Former President Donald Trump recently declared victory over one of these unwelcome regulations by pledging to scrap a new rule capping credit card late fees at $8. That regulation is set to go into effect in April 2025. This regulation was brought forth by the Biden Administration. It is all under the umbrella of a larger effort by the Biden administration to crack down on what they term “junk fees.” In a recent Truth Social post, Trump proposed capping credit card interest rates at 10%. His plan is to implement this amendment temporarily, beginning on January 20.
The average interest rate for credit cards in the United States is 20 percent. This extreme rate has a tremendous adverse economic impact on a vast majority of consumers. According to new data, U.S. households with credit card debt now carry an average balance of over $6,000. Especially with interest rates high as they are now, monthly fees can be over $100, which is a heavy burden on families’ budgets.
Trump’s proposal is part of his renewed focus on consumer financial issues as he campaigns for the 2024 presidential election. He threatened credit card companies with criminal liability should they fail to abide by his yet undefined limits on interest rates. His statement makes clear just how serious this wrong is. This call for reform has drawn attention from both parties, with Senators Bernie Sanders and Josh Hawley introducing bipartisan legislation that seeks to cap interest rates at 10% for five years.
Yet the effects of such actions have ignited discord among fiscal policy proponents and banking industry representatives. Opponents counter that capping rates will push consumers into less advantageous forms of credit. A joint statement from five U.S. banking bodies expressed concerns about the potential impact of Trump’s plan, noting that it could “reduce credit availability and be devastating for millions of American families and small businesses who rely on and value their credit cards, the very consumers this proposal intends to help.”
“of helping Americans access more affordable credit” – US banking bodies
Financial analysts have voiced similar apprehensions. Matt Britzman, a market analyst, warned that forcing companies to lower lending rates would “upend the basic economics of the industry.” He warned that these extreme reforms would push consumers into more unregulated and expensive forms of credit.
In response to Trump’s proposals, Senator Elizabeth Warren criticized the approach, stating, “Begging credit card companies to play nice is a joke.” Her comments reflect an increasing frustration across the aisle that financial institutions have an outsized effect on the welfare of consumers.
Market reactions to Trump’s announcement were swift.

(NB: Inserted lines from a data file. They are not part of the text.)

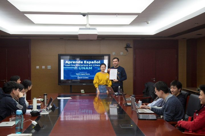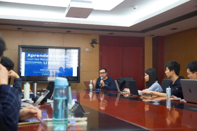 2018年3月24日,应平博官方网站,平博pingbo(中国)西葡语系、北京大学西班牙语中心邀请,墨西哥国立自治大学——北京外国语大学墨西哥研究中心来到平博官方网站,平博pingbo(中国)新楼,为北大西班牙语专业和国发院以及人大、北外的同学们讲解了如何“利用墨西哥国立自治大学(UNAM)在线网课资源学习西班牙语”,现场气氛活跃,同学们收获颇多。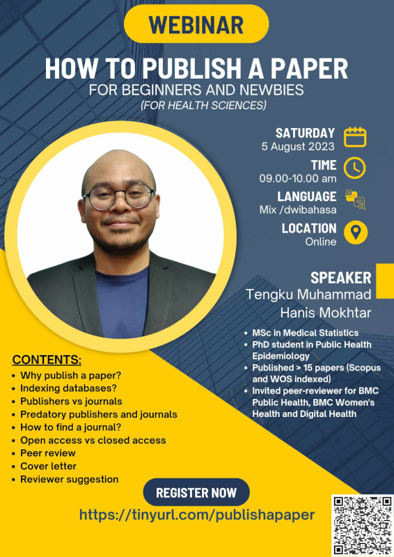 Publishing a scientific paper is one of the way to disseminate the findings of our research. This webinar covered all the necessary information needed to publish a paper for beginners. The slides and recording of the webinar is available for purchase at Jom Research website.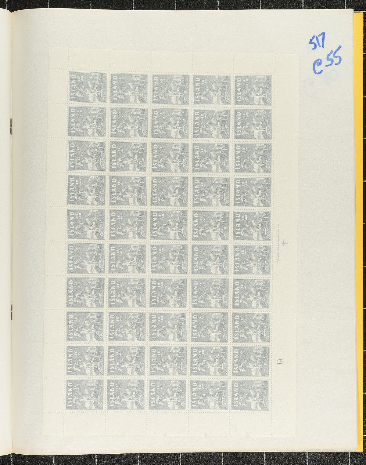 Scandinavia. Complete panes of Iceland and Greenland. The Iceland includes one pane each from #257/290, plus a pane of 20 of #511 and wholesale quantities of the "Horse" #311 (with 20 mint panes and 30 cancelled-to-order panes of 50). Greenland is a pair of stamps #2 and #3 from the first definitive issue, a lovely pane of 100, each. The mint stamps appear to be never hinged, with only a couple of minor edge faults seen. It comes in two mint sheet files. 2024 Scott US$1255.00 =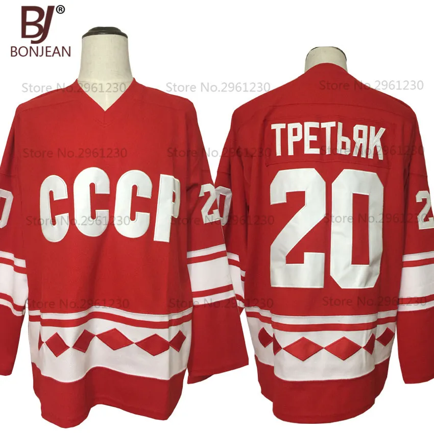 Бонжан новые дешевые хоккейные Джерси Владислава tretiak #20 СССР CCCP русский хоккейный трикотаж Красный прошитый мужской зимний спортивный костюмНам $45.54/Шт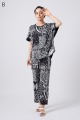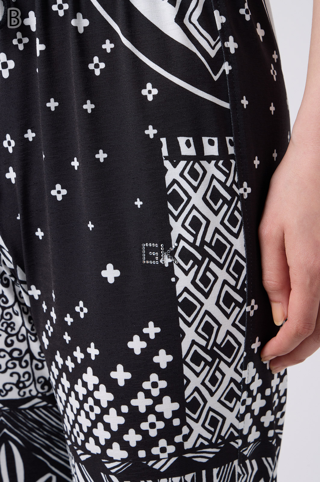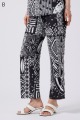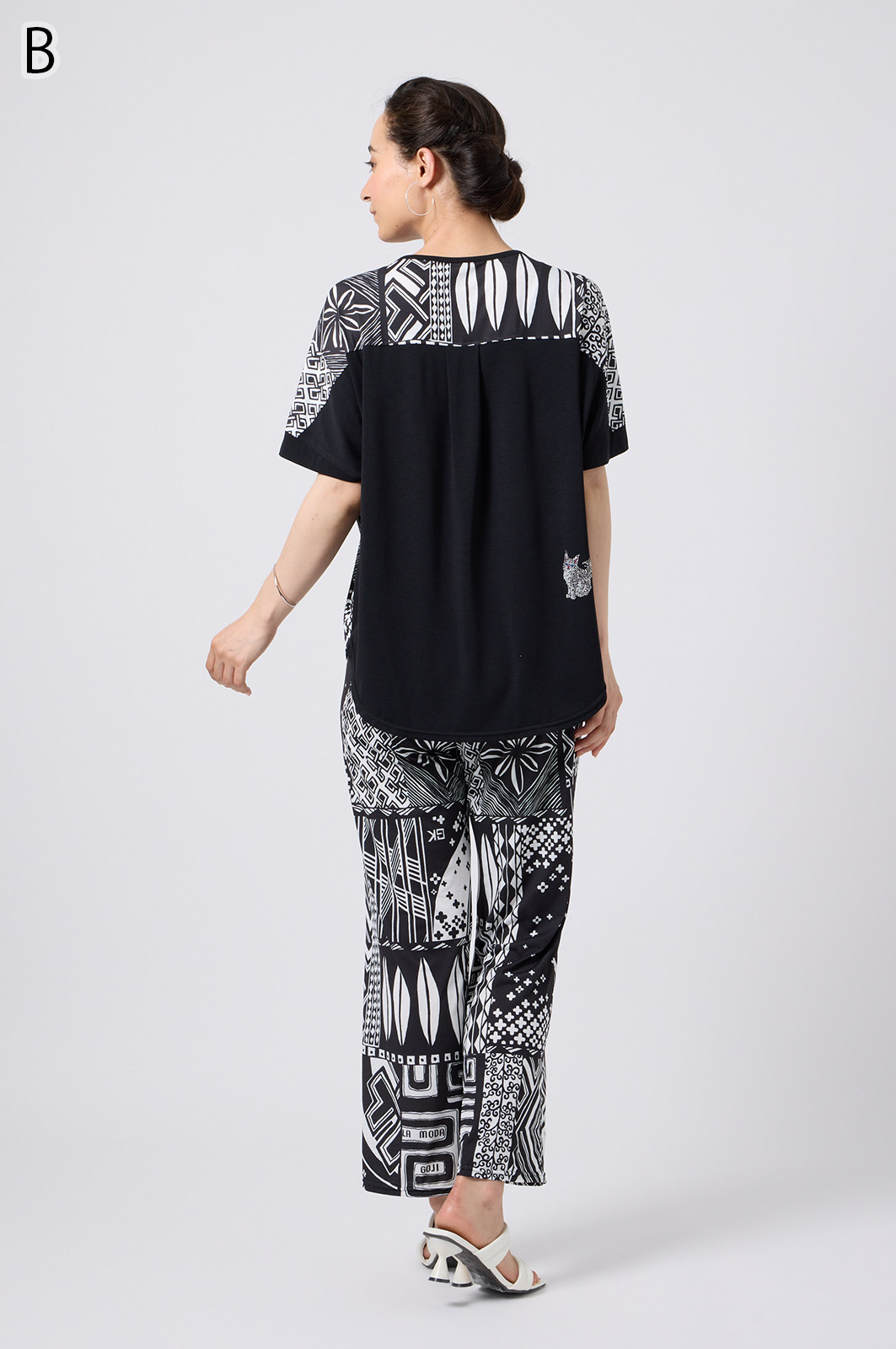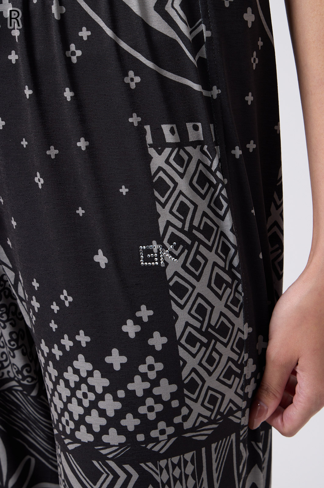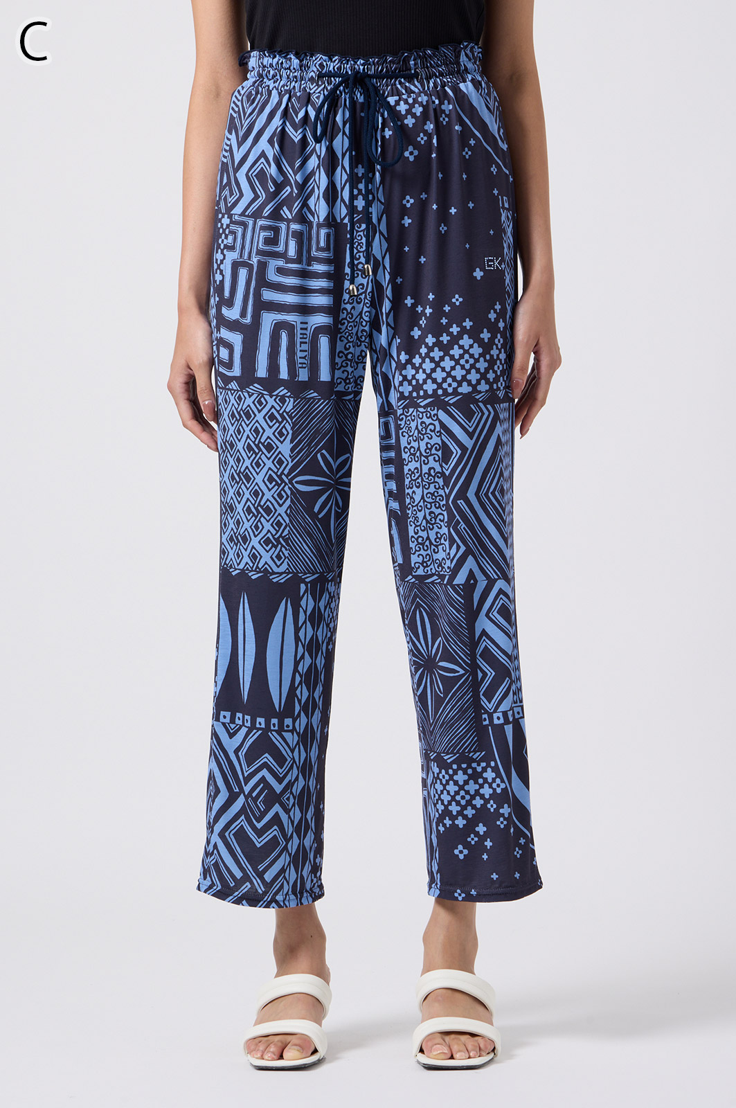 大胆な柄とロゴが目を引く、伊太利屋オリジナルプリントのパンツ。ウエストはギャザー入りのゴム仕様&ひも付きでおしゃれにフィット。すっきり見えるストレートラインで、ラクさと美しさを両立♪

Stocks of bank and credit card companies tanked today. It only took investors a moment to see the dangers of what such a move could mean by limiting credit card costs. The new worm in the can is instability in the financial sector and the broader economy.
In 2022, a record high of 48% of U.S. households were paying interest on credit card debt, the Federal Reserve found. Yet any changes in credit policies will be felt acutely by these households. Here’s how Trump’s proposals would make life more affordable for consumers. Many experts warn that one of the biggest dangers may be that rising interest rates will create a tsunami of consequences to the broader economy.